Martha Wash: It's Raining Weight Loss

If you have ever partied at a nightclub or a wedding, chances are you've let your hair down when the hit songs “It’s Raining Men” and “Gonna Make You Sweat (Everybody Dance Now)” were played. Now meet Martha Wash, the powerhouse voice behind those awesome tunes that get your feet dancing and your hips shaking. In the edited version of our interview with her, you'll learn why the she says the music industry was unfair to her.

Ilyssa Panitz • Celebrity Reporter
martha wash celebrates her new single image
Photograph: Josh DeHonney

More: How long have you been in the music business?
Martha Wash: Let’s put it this way: “Raining Men” will turn 30 years old next year.

More: OK, you just dated me.
MW: People in the business can’t believe it either, but it is true and it is good to still be here. That song is an official classic.

More: How do you view the music industry, considering it has been unfair to you?
MW: Over time it has gotten better in terms of accepting us full-figured women being out there. When I was starting to sing with Sylvester as a backup singer, there were no large background singers or front artists—maybe Mama Cass [Cass Elliot] but that was it. In that respect the industry has come a long way. Look at Adele now. She is great. I would like to think the public can like whomever they want regardless of a person’s appearance but rather for her sound and music.

More: Does it upset you that the music industry treated you differently because you weren’t a size 0?

MW: Yes. Even when I recorded with Two Tons O' Fun, the record industry didn’t know what to do with us or how to market us. We were large women who could sing. However, the thinking at these companies can be very narrow-minded, and they feel they need to dictate what the public hears and sees.

More: That must take a toll on your self-esteem?
MW: It didn’t bother me too much because that is just what I was—I was a large woman who loved to sing—so I had to deal with it. After I had my last two solo, I decided to do it on my own. I mean, why bother with a record company if they aren’t going to promote you and market you?

More: Is that why you recently lost 75 pounds?        
MW: That was for health reasons. I became sick. My weight got really out of control. I was paying attention to it but I wasn’t paying attention to it, if you know what I mean.
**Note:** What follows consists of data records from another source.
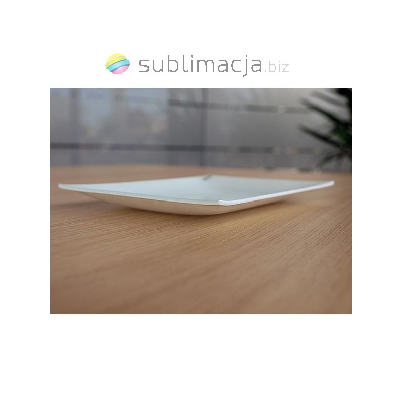 Talerz szklany prostokątny pokryty specjalną powłoką, przeznaczoną do nadruku metodą sublimacji. |
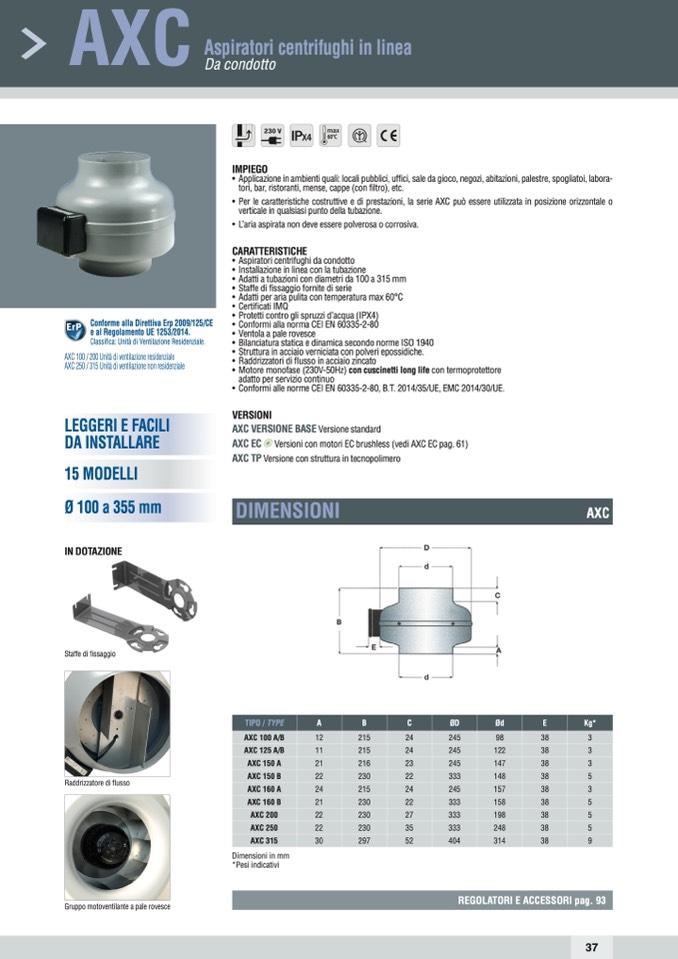 Versioni con motori EC brushless (vedi AXC EC pag. 61)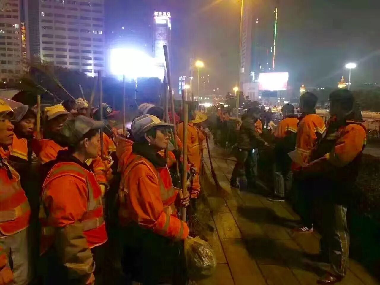 每年的圣诞节都给环卫工作带来巨大压力。近来昼夜温差大,有时夜里甚至能达到零下十几度。你短暂的快乐却让他们在寒冬夜里更加辛苦……
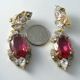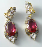 Pretty Czech glass fuchsia pink rhinestone earrings Large pink glass stone surrounded by clear glass rhinestones set in gold tone metal. Clip earrings. Measure 3" in length and 3/4" wide. Excellent condition.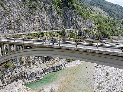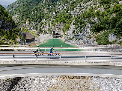 A couple with children wearing winter ski clothing on the slopes of the Zoncolan ski area, Carnia, Friuli Venezia Giulia, Italy.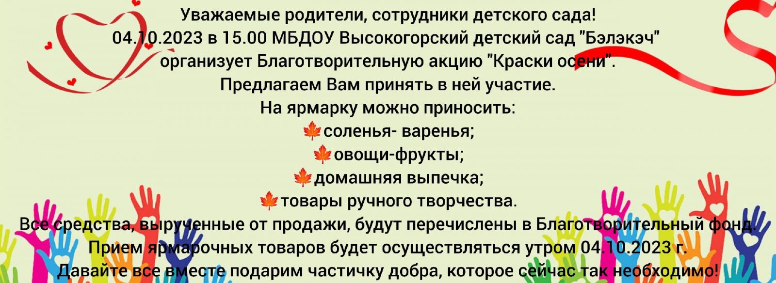Дорогие родители и сотрудники детского сада! Хочется выразить огромную благодарность, каждому, кто пришел 04.10 на благотворительную ярмарку! Спасибо за ваше участие и за вашу помощь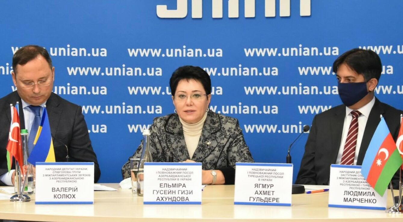 Axar.az xəbər verir ki, dəyirmi masada Türkiyənin Ukraynadakı səfiri Yağmur Əhməd Güldərə, Ukrayna Ali Radasının deputatları, siyasi, hərbi ekspertlər, Azərbaycanın diaspor rəhbərləri, yerli KİV nümayəndələri iştirak ediblər.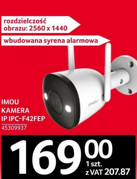 IMOU KAMERA IP IPC-F42FEP. Rozdzielczość obrazu: 2560 x 1440, wbudowana syrena alarmowa.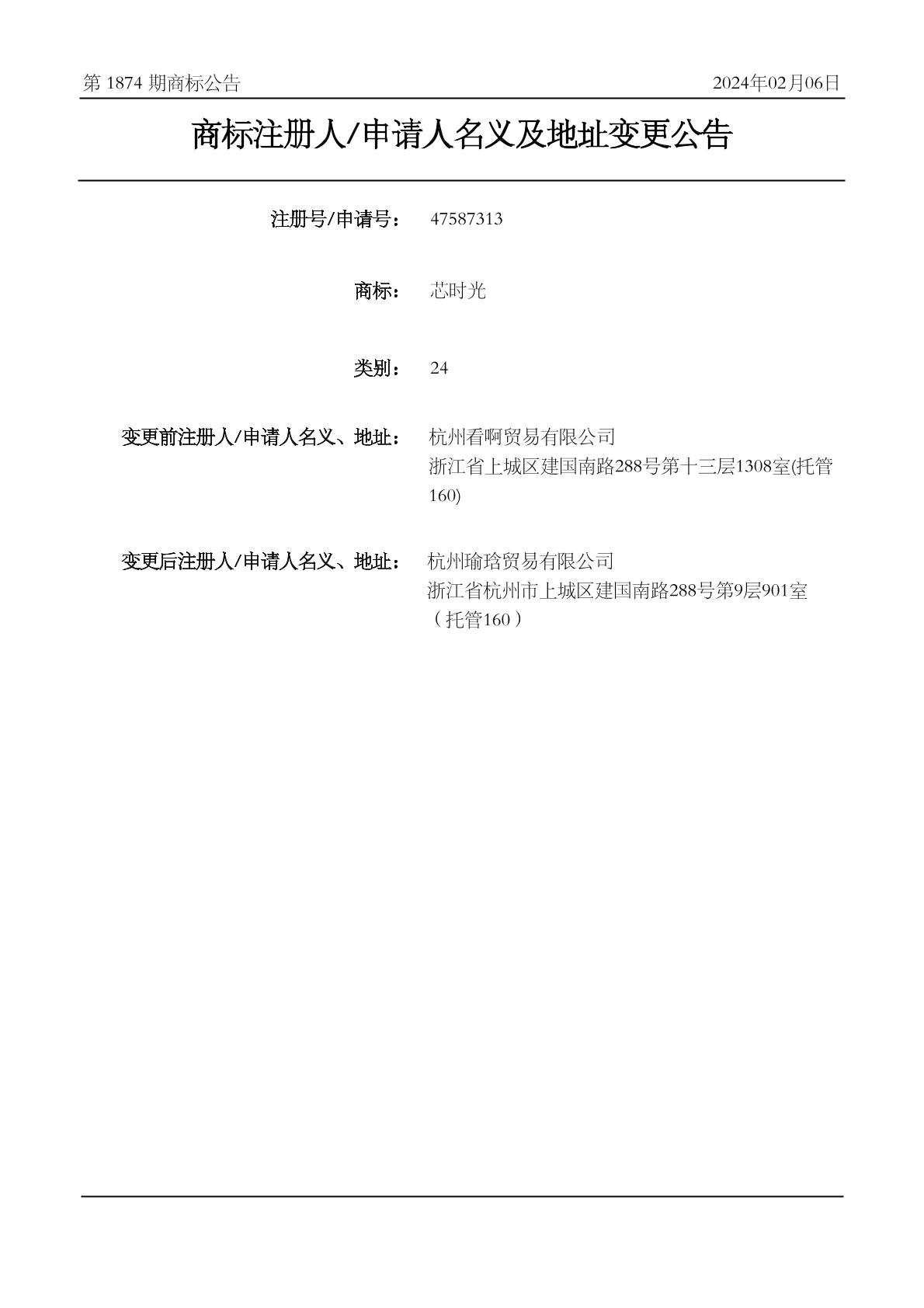 2024-02-05 变更商标申请人/注册人名义/地址 | 核准证明打印发送

I saw the numbers but I kept saying, “If I gain five more pounds, then I will do something about it.” Then I wound up gaining 10 and 15 pounds. When I realized how much I weighed I was shocked and said, “I really have to get the weight off.”

More: Were you ill?
MW: I had gall bladder problems. I had to get my gall bladder removed. I was filleted like a fish because the gall bladder adhered to my stomach so the doctors had to scrape it off, which was no fun. I had to be in the hospital for two weeks and then go back a year later to remove the stones they could not get to before. As a result I developed a liver infection.

More: How did you drop the weight?
MW: Diet and exercise. I joined Curves and started working out three times a week doing cardio and weight lifting. I did the dieting on my own as opposed to following a program like Jenny Craig or Weight Watchers. Basically, I ate a lot of salads.

More: That's a great ego boost?
MW: I felt good, really good. It was great to see the dress sizes start to drop. It took about a year to lose the 75 pounds. You have to always remember to have the mind frame to say, “I can do it,” because there were moments when I got discouraged because I didn’t lose any weight for, like, a week or two.

More: Why get discouraged?
MW: I didn’t understand why the weight wasn’t dropping all of the time. I was saying, “I am eating right and exercising. Why isn’t the scale moving downward?” But I learned I had to plow through it. To keep going, I had to find something that worked for me.